[WHAT YOU SHOULD DO] Among the entries below, copy only the span from the line containing "But as today" through the line containing "La titular del". Do so exactly, and skip the pictures.

[ENTRIES PROVIDED]
--- --- ---

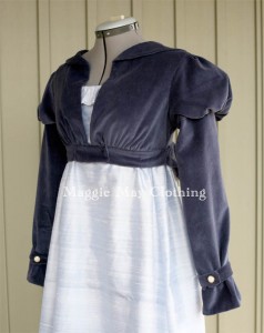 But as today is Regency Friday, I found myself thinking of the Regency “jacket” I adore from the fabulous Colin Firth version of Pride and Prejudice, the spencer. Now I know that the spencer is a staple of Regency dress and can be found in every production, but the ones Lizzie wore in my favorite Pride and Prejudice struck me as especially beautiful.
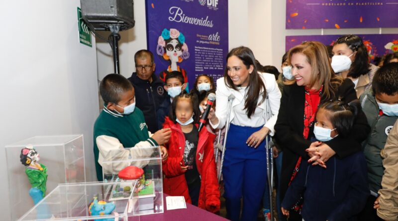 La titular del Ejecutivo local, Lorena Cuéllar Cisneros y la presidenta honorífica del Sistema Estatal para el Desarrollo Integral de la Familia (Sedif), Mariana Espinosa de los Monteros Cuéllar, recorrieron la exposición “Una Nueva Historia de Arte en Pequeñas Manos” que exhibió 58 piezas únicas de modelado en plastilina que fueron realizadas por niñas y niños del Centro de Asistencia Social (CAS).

--- --- ---

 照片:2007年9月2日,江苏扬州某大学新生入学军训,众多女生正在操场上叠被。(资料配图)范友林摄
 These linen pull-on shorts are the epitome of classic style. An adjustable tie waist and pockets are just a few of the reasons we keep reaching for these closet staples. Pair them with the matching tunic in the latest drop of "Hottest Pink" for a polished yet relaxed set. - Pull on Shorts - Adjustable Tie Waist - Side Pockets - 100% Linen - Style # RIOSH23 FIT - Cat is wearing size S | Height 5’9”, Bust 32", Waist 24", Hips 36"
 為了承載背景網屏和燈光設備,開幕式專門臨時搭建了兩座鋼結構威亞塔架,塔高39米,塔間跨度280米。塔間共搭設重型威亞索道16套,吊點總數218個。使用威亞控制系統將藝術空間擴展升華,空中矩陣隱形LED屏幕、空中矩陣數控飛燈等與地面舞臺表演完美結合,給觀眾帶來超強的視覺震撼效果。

--- --- ---

[SOLVED PROBLEM]
 But as today is Regency Friday, I found myself thinking of the Regency “jacket” I adore from the fabulous Colin Firth version of Pride and Prejudice, the spencer. Now I know that the spencer is a staple of Regency dress and can be found in every production, but the ones Lizzie wore in my favorite Pride and Prejudice struck me as especially beautiful.
 La titular del Ejecutivo local, Lorena Cuéllar Cisneros y la presidenta honorífica del Sistema Estatal para el Desarrollo Integral de la Familia (Sedif), Mariana Espinosa de los Monteros Cuéllar, recorrieron la exposición “Una Nueva Historia de Arte en Pequeñas Manos” que exhibió 58 piezas únicas de modelado en plastilina que fueron realizadas por niñas y niños del Centro de Asistencia Social (CAS).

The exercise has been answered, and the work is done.